Stored records:

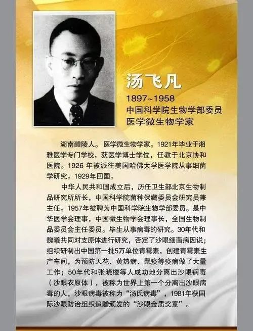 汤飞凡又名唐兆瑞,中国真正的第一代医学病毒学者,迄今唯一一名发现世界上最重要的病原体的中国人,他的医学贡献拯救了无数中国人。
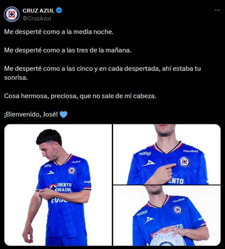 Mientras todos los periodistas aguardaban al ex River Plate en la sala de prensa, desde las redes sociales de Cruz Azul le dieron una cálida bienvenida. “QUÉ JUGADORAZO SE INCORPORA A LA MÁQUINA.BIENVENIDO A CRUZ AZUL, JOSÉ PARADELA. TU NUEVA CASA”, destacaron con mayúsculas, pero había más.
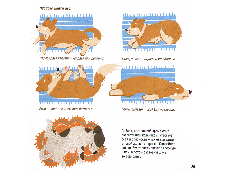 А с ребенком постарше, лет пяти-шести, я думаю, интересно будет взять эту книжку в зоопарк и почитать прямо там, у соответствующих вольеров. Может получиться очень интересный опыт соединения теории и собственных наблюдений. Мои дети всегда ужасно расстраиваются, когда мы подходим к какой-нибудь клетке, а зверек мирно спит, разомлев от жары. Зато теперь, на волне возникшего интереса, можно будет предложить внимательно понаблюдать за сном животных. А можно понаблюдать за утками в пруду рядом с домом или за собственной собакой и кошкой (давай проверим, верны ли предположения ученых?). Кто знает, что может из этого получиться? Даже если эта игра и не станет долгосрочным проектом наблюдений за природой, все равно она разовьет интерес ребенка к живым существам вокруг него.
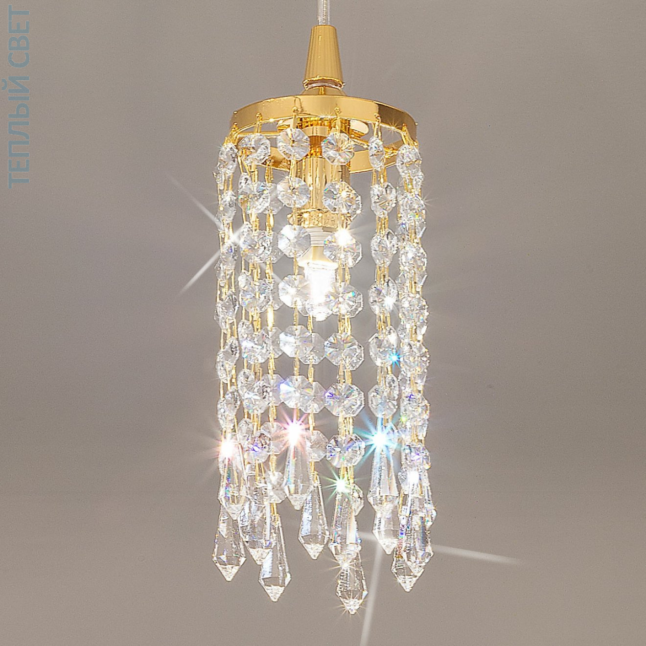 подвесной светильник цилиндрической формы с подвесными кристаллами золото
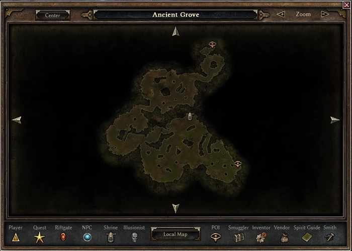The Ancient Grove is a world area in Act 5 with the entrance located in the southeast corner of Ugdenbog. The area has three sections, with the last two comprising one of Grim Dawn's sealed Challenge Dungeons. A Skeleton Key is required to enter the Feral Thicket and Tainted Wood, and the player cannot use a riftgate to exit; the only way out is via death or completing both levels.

**HOW TO COMPLETE THIS TASK**: Exact copy, no pictures: please print the data above once more.

**ANSWER**:
 汤飞凡又名唐兆瑞,中国真正的第一代医学病毒学者,迄今唯一一名发现世界上最重要的病原体的中国人,他的医学贡献拯救了无数中国人。
 Mientras todos los periodistas aguardaban al ex River Plate en la sala de prensa, desde las redes sociales de Cruz Azul le dieron una cálida bienvenida. “QUÉ JUGADORAZO SE INCORPORA A LA MÁQUINA.BIENVENIDO A CRUZ AZUL, JOSÉ PARADELA. TU NUEVA CASA”, destacaron con mayúsculas, pero había más.
 А с ребенком постарше, лет пяти-шести, я думаю, интересно будет взять эту книжку в зоопарк и почитать прямо там, у соответствующих вольеров. Может получиться очень интересный опыт соединения теории и собственных наблюдений. Мои дети всегда ужасно расстраиваются, когда мы подходим к какой-нибудь клетке, а зверек мирно спит, разомлев от жары. Зато теперь, на волне возникшего интереса, можно будет предложить внимательно понаблюдать за сном животных. А можно понаблюдать за утками в пруду рядом с домом или за собственной собакой и кошкой (давай проверим, верны ли предположения ученых?). Кто знает, что может из этого получиться? Даже если эта игра и не станет долгосрочным проектом наблюдений за природой, все равно она разовьет интерес ребенка к живым существам вокруг него.
 подвесной светильник цилиндрической формы с подвесными кристаллами золото
The Ancient Grove is a world area in Act 5 with the entrance located in the southeast corner of Ugdenbog. The area has three sections, with the last two comprising one of Grim Dawn's sealed Challenge Dungeons. A Skeleton Key is required to enter the Feral Thicket and Tainted Wood, and the player cannot use a riftgate to exit; the only way out is via death or completing both levels.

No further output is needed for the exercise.